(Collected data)
++++

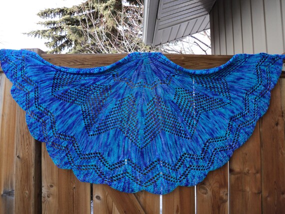 Chale Dentelle Tricot Main Bleu Demi Cercle Poids Moyen Etsy
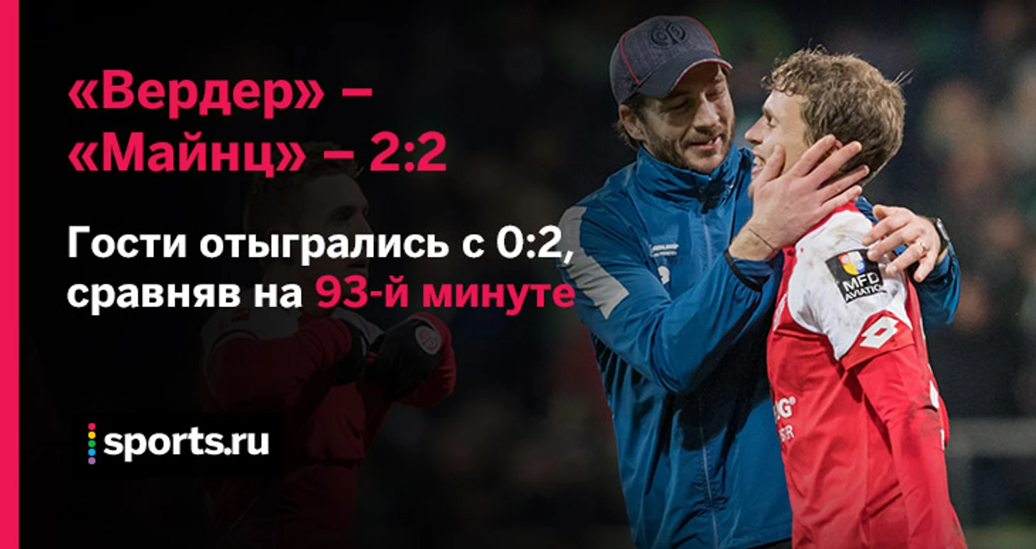 «Вердер» мог выбраться из зоны вылета, держал 2:0 к 70-й минуте, но «Майнц» дожал. Защитник Фабиан Фрай пришел в чужую штрафную на 90-й минуте и все решил.
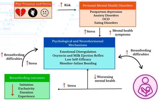 Breastfeeding is a complex process involving physiological, hormonal, and psychological mechanisms. Milk production and secretion depend on a properly developed mammary gland and hormonal regulation [143]. These reactions are strongly modulated by psychological factors—stress levels, previous emotional experiences, as well as a history of trauma or anxiety and depressive disorders [6]. Figure 4 shows the interactions between trauma, mental health, and breastfeeding mechanisms.
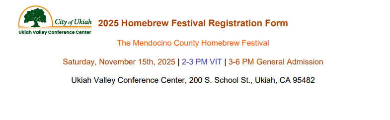 CALLING ALL HOMEBREWERS! A Homebrew Festival needs Homebrewers – Interested in entering your homebrewed specials? Below you can access entry registration form that can be completed and emailed to conferencecenter@cityofukiah.com.
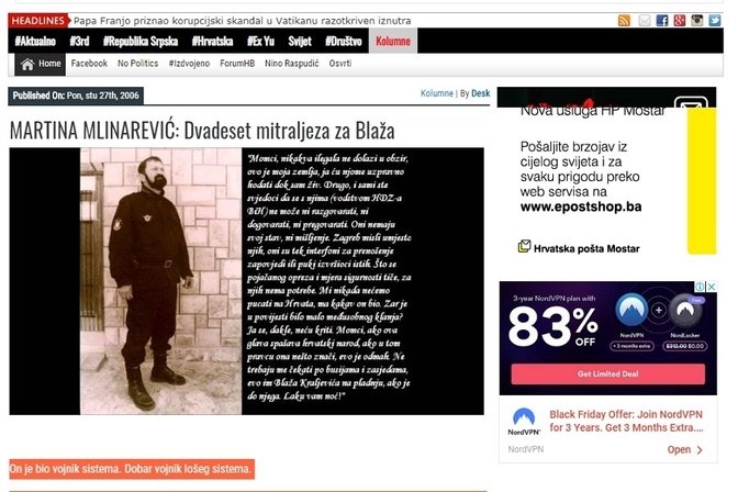 За то вријеме прича око Мартине Млинаревић Сопте постаје све занимљивија. Наиме, Комшићева неквалификована амбасадорка прошла је занимљив пут, од залагања за трећи ентитет до фине грађанске опције, а у међувремену је писала оде непресуђеном злочинцу Блажу Краљевићу.
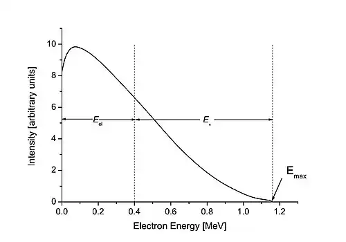 A presença do neutrino torna o processo um decaimento de três corpos, de modo que a energia disponível é distribuída continuamente entre o elétron e o antineutrino. Dessa forma, o espectro de energia cinética do elétron apresenta um caráter contínuo.
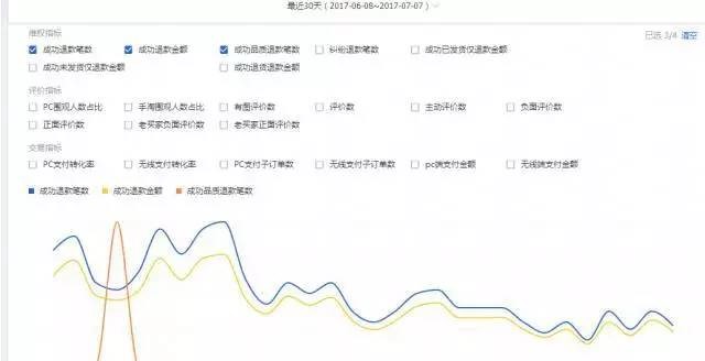 退款率:這個(gè)指標(biāo)是指最近30天內(nèi),退款成功筆數(shù)/支付寶支付子訂單數(shù),退款包括售中和售后的僅退款和退貨退款。這個(gè)指標(biāo)可以看到你自己產(chǎn)品和行業(yè)的均值情況,一般需要比行業(yè)均值低。如果你的產(chǎn)品高于行業(yè)均值的話,那你就要思考為什么產(chǎn)品的退貨率這么高?你要讓售后客服去了解為什么?是哪方面的問題?有沒有解決的辦法?
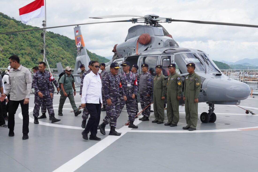 Pilarportal.com — NTT – Menteri Koordinator Bidang Politik, Hukum, dan Keamanan RI (Menkopolhukam RI) Prof. Dr. Mohammad Mahfud MD, S.H., S.U., M.I.P., didampingi Pangkoarmada II Laksda TNI Maman Firmansyah, mengunjungi kapal rumah sakit KRI dr. Wahidin Sudirohusodo-991 (WSH-991) di Labuan Bajo, NTT, Senin (8/5/2023).
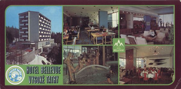Pocztówka 5. elementowa: otoczenie i wnętrza hotelu Bellevue w Górnym Smokowcu. Napis: HOTEL BELLEVUE, VYSOKÉ TATRY i logo miasta VYSOKÉ TATRY oraz logo hotelu.
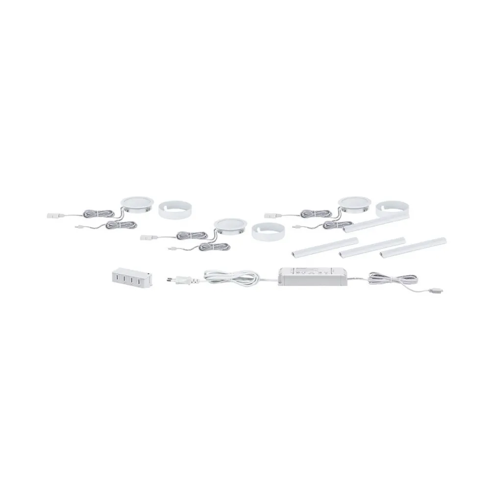 Dette færdigmonterede startsæt fra Clever Connect-serien består af tre Disc-møbler i hvid, en LED-driver med tilslutningskabel, tilslutningskabler og kabelkanaler samt klæbestrimler til fastgørelse og er klar til tilslutning uden yderligere tilbehør.
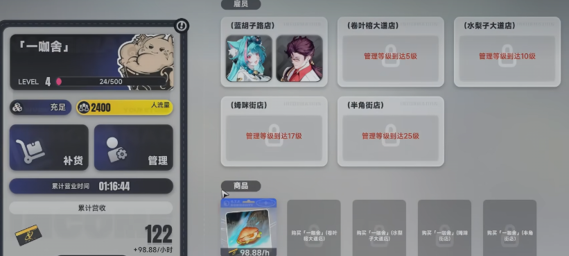 除都市闲趣外,房产系统同样是方斯增值的关键路径。当前开放的房产档位涵盖维纳公寓(20万方斯)至顶级豪华别墅(800万方斯)共多个层级。基础户型仅支持单人居住,而豪华别墅最多容纳5名角色,同时解锁专属隐藏副本入口。进入副本需消耗活力值,通关后可获取大量方斯及稀有材料,形成“活力→副本→方斯→房产升级→更多活力上限”的正向循环。而综合收益最高的长期经营方向,当属自主开店——店铺营收直接转化为“管理值”,该数值持续提升后,将触发经营倍率加成,进一步放大每日方斯入账。
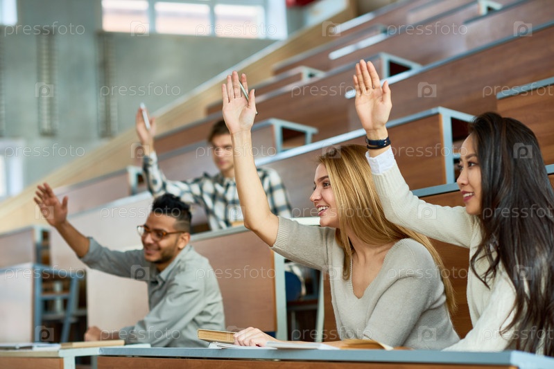 Студенты, поднимающие руки в классе

++++

◆ **WORK REQUIRED**
Set down word for word the lines from the opening of the entries above through the line that contains "и все решил.", and omit every picture.

◆ **SOLUTION**
 Chale Dentelle Tricot Main Bleu Demi Cercle Poids Moyen Etsy
 «Вердер» мог выбраться из зоны вылета, держал 2:0 к 70-й минуте, но «Майнц» дожал. Защитник Фабиан Фрай пришел в чужую штрафную на 90-й минуте и все решил.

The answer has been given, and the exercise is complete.